New libvgpu_vk.so carries the entire src/vulkan/* and exports the Vulkan layer entry points (vkGetInstanceProcAddr, vkGetDeviceProcAddr, vkNegotiateLoaderLayerInterfaceVersion). DT_NEEDED includes libvgpu.so so the linker resolves the 5 hami_core_* wrappers at Vulkan-loader dlopen() time.
share/hami/hami.json is the implicit-layer manifest the Step D webhook drops into /etc/vulkan/implicit_layer.d/.

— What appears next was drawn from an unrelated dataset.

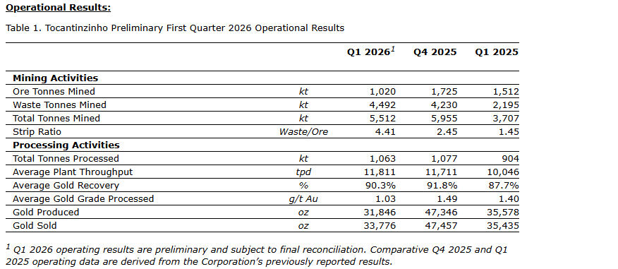 G Mining Ventures Corp. has released its preliminary production results for the quarter ended March 31, 2026, from its 100-per-cent-owned Tocantinzinho gold mine (TZ) in Para state, Brazil. Results were in line with the corporation's expectations.
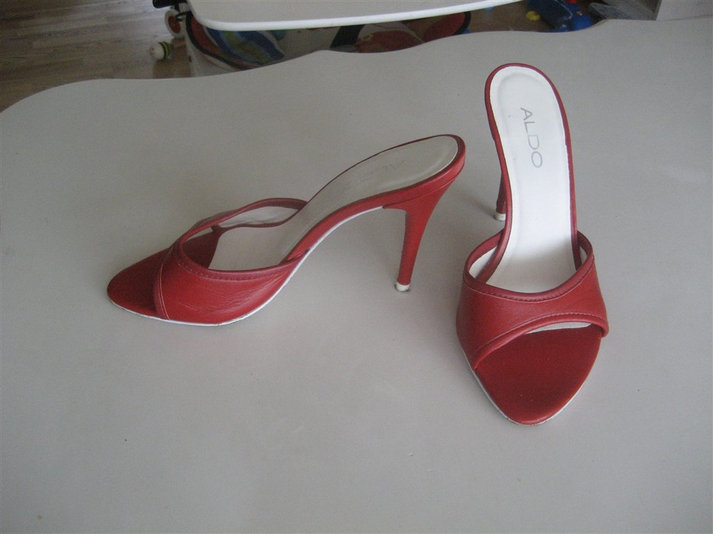 Billede 3: ALDO. Str. 36. NYPRIS 499,- DIN PRIS 150,- Røde dristige stiletter/slippers. 10 cm. hæl. Der er en lille smule slitage, men er meget meget fin stand.

Verification on ws-node074 (isaac-launchable-0)

Check	Result
`nm -D libvgpu.so \| grep ' T vk'`	0 lines ✓
`nm -D libvgpu.so \| grep ' T hami_core_'`	5 lines ✓
`readelf -d libvgpu_vk.so \| grep NEEDED`	includes `libvgpu.so` ✓
`nm -D --undefined-only libvgpu_vk.so \| grep hami_core_`	5 lines ✓
Step B regression `test_cuda_null_guards`	9/9 [OK] EXIT=0 ✓
`test_alloc` under LD_PRELOAD	EXIT=0 ✓
LD_PRELOAD `libvgpu.so` w/o manifest, `runheadless.sh` × 5	5/5 `exit=124 crash=0 listen=1` ✓
LD_PRELOAD `libvgpu.so` + manifest in pod, `runheadless.sh` × 5	5/5 alive, manifest enumerated, NVML clamp 23552 MiB ✓
`HAMI_VK_TRACE` lines on manifest path	0 — Kit's embedded Conan vulkan-loader path didn't traverse our GIPA in this run; partition Vulkan-side enforcement to be confirmed in Step D's 4-path verification

The first row above is the headline: the 2026-04-28 regression class is structurally gone. Production /usr/local/vgpu/libvgpu.so was restored to the pre-Step-C backup (md5 8f889313) after verification.